Task ▸ Further down are entries; set down exactly and only the lines from the one with "小さめに設定している裾と袖口" up to and including the one with "写真は保健室前廊下の掲示物で", dropping each picture.

Dataset extract ▸
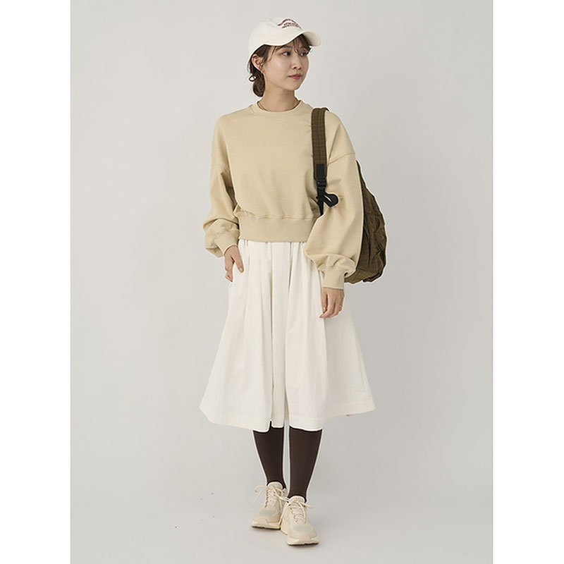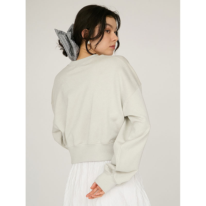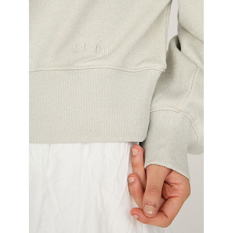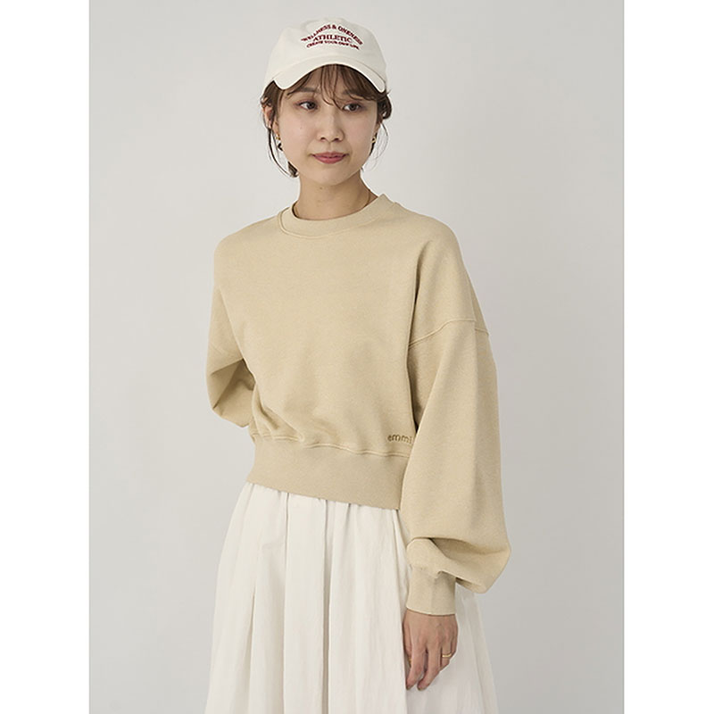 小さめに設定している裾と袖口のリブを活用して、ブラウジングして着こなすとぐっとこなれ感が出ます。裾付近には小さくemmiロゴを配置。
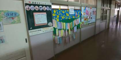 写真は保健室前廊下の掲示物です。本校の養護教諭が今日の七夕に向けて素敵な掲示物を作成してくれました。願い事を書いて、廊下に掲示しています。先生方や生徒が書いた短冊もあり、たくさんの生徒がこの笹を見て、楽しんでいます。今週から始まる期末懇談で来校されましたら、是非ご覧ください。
==
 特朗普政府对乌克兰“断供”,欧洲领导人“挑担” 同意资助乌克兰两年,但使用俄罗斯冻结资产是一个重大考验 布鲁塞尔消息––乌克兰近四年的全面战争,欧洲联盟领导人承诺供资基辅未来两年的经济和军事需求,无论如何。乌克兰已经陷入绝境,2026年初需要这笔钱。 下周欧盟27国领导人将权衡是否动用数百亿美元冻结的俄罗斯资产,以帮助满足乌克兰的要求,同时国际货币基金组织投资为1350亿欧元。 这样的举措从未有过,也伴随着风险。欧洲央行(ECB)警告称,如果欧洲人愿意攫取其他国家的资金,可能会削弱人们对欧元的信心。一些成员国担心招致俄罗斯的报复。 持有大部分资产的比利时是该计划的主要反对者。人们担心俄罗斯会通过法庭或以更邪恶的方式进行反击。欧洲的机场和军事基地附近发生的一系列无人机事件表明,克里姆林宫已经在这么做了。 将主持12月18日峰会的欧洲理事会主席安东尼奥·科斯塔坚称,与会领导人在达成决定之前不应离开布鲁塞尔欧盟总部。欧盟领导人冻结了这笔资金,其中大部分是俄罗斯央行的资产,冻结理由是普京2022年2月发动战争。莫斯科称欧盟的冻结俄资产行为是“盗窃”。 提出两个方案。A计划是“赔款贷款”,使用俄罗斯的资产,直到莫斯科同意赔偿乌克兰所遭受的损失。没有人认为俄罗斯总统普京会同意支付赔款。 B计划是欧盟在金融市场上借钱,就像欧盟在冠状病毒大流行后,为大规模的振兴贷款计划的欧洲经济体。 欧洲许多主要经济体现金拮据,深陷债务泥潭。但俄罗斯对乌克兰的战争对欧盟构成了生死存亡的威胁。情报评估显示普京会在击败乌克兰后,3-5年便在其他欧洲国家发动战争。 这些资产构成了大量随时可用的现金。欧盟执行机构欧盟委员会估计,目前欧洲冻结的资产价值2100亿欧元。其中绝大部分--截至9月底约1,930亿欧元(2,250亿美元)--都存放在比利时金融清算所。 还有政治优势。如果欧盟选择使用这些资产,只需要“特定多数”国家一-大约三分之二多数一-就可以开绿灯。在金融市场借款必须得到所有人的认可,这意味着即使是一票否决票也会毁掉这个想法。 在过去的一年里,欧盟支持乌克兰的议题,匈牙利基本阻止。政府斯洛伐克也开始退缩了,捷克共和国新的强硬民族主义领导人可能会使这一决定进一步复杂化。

Solution to the problem ▸
 小さめに設定している裾と袖口のリブを活用して、ブラウジングして着こなすとぐっとこなれ感が出ます。裾付近には小さくemmiロゴを配置。
 写真は保健室前廊下の掲示物です。本校の養護教諭が今日の七夕に向けて素敵な掲示物を作成してくれました。願い事を書いて、廊下に掲示しています。先生方や生徒が書いた短冊もあり、たくさんの生徒がこの笹を見て、楽しんでいます。今週から始まる期末懇談で来校されましたら、是非ご覧ください。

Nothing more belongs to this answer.